McCain, Obama's opponent in the 2008 presidential election, blasted him for casting doubt on whether Romney would have ordered the raid a year ago, calling it "a cheap political attack."

"No one disputes that the President deserves credit for ordering the raid, but to politicize it in this way is the height of hypocrisy," McCain said in remarks that were emailed to reporters by the Republican National Committee.

"This is the same President who said, after bin Laden was dead, that we shouldn't 'spike the ball' after the touchdown. And now Barack Obama is not only trying to score political points by invoking Osama bin Laden, he is doing a shameless end-zone dance to help himself get reelected," McCain said.

In a Friday evening report headlined "Obama Trumpets Killing of Bin Laden, and Critics Pounce," the New York Times noted "in the days leading up to the first anniversary of the raid that finally caught up to (bin Laden), Mr. Obama has made a concerted, if to some indecorous, effort to trumpet the killing as perhaps the central accomplishment of his presidency.

"Mr. Obama has used the rarefied setting of the Situation Room to give an interview about how he made the decision to send in Special Operations forces," the Times reported.
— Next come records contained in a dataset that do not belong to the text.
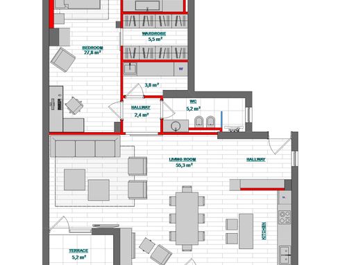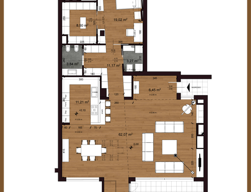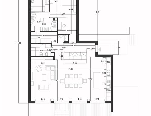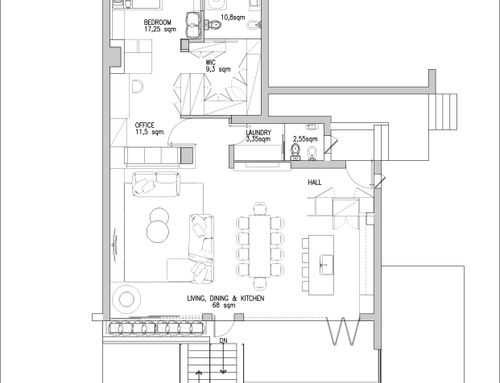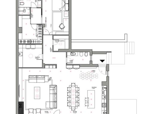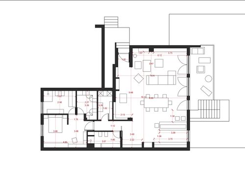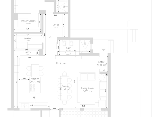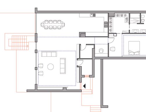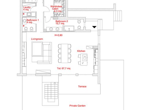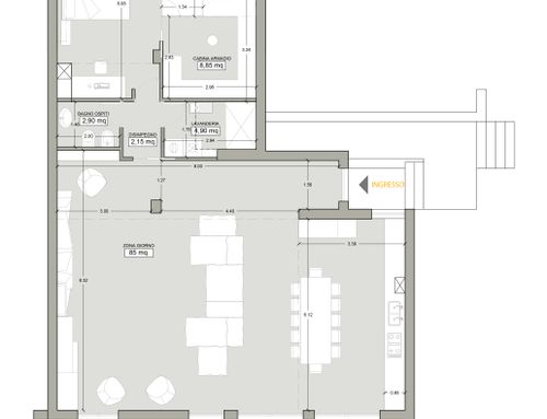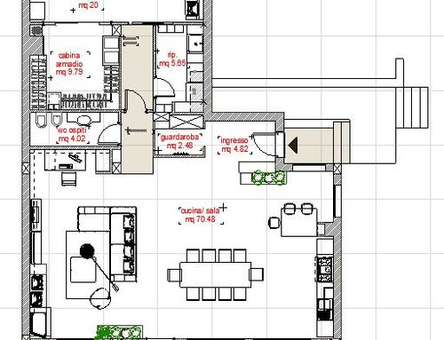 - - Un ambiente unico che comprende cucina sala pranzo e soggiorno con tavolo molto conviviale valutare la possibilità di includervi un camino stile moderno.
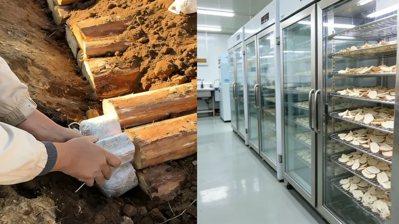 2.Improved Variety Breeding and Inoculation Science: Specialized breeding bases for Poria cocos strains have been established in the production areas, cultivating high-yield and high-quality strains such as "Poria No. 5" and "Poria No. 8." Inoculation employs a combination of "flesh lure" and "spawn lure" techniques — high-quality fresh Indian Bread slices ("flesh lure") or pure cultured strains ("spawn lure") are inoculated at both ends of the log segments, with temperature and humidity controlled to promote mycelial colonization. This technique has increased the inoculation success rate from the traditional 60% to over 95%.
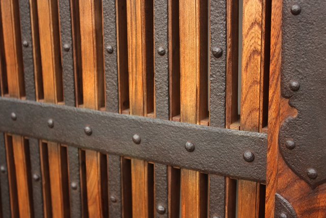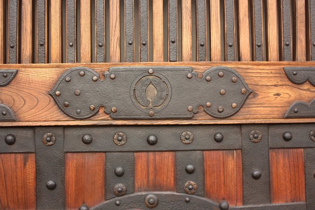 びっしりと張り巡らされた金具も素敵ですが 桜型の鋲もチラホラと見られます
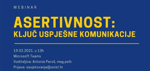 Ured za upravljanje karijerama Sveučilišta u Splitu organizira online radionicu u skopu 14. Tjedna psihologije na temu ''Asertivnost: ključ uspješne komunikacije''. Asertivnost nam pomaže da zadržimo i učvrstimo naše samopoštovanje te u mnogim situacijama dobijemo ono što želimo. Isto tako, omogućava nam izgradnju zdravih odnosa s drugim ljudima, povećava sposobnost suočavanja sa sukobima i kritikom, razvija toleranciju i omogućava da konstruktivno reagiramo na tuđu ljutnju. Kroz teorijski i praktični dio radionice studenti će imati priliku osvijestiti svoj stil komunikacije te uvježbati pojedine tehnike asertivne komunikacije.
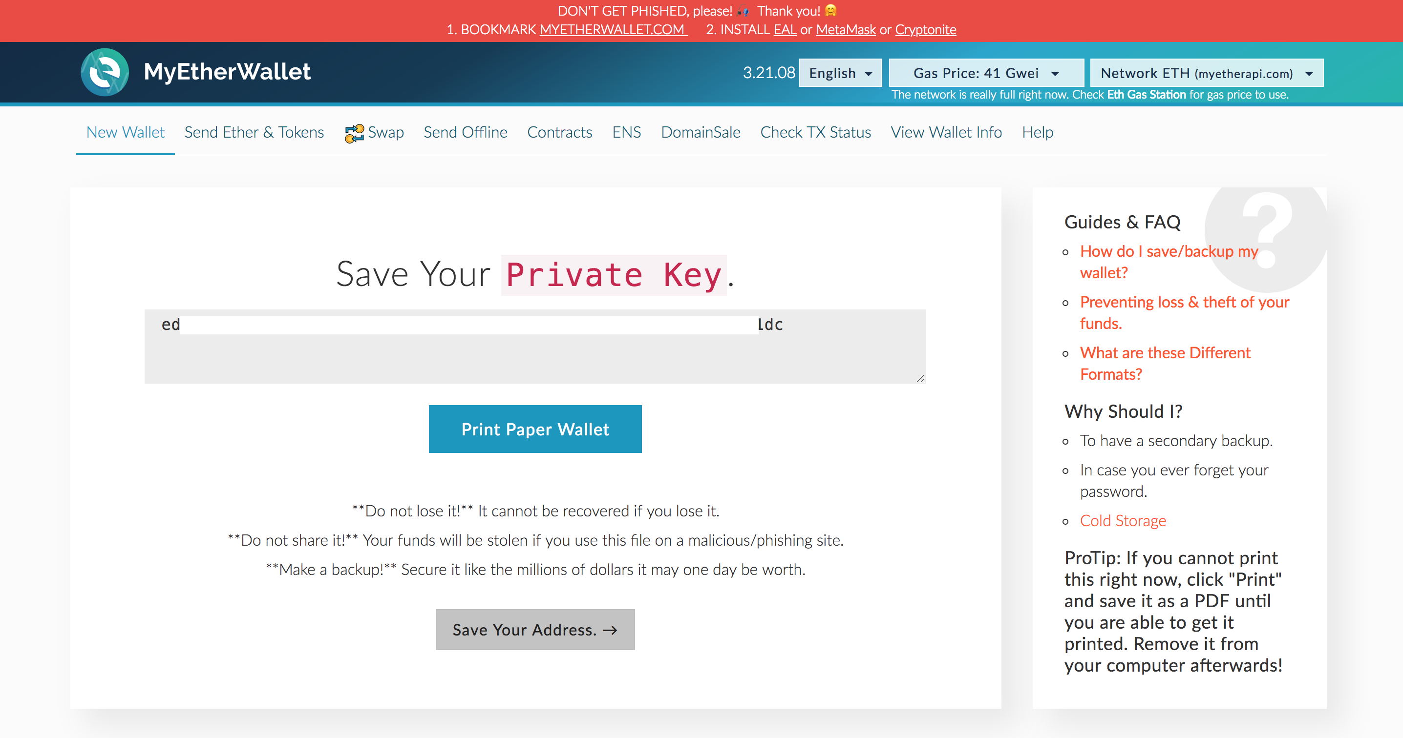 5.1 Private key is the combination of numbers and characters shown in the center of the screen. Copy and paste it into a text editor and save it as a file.

"Vice President Joseph R. Biden Jr. gave a speech saying the re-election slogan would be 'Bin Laden is dead and General Motors is alive.'

"The president's campaign released a Web video showing former President Bill Clinton praising Mr. Obama's fortitude, as it questioned whether Mitt Romney would have made the same decision," the Times reported.

"Other presidents have boasted of their toughness, of course, notably Mr. Obama’s predecessor, George W. Bush, who campaigned for re-election in 2004 on a record of having deposed Saddam Hussein in Iraq, while his vice president, Dick Cheney, warned that electing John Kerry could lead to a terrorist attack," the Times reported.

"But few presidents have talked about the killing of an individual enemy in such an expansive way."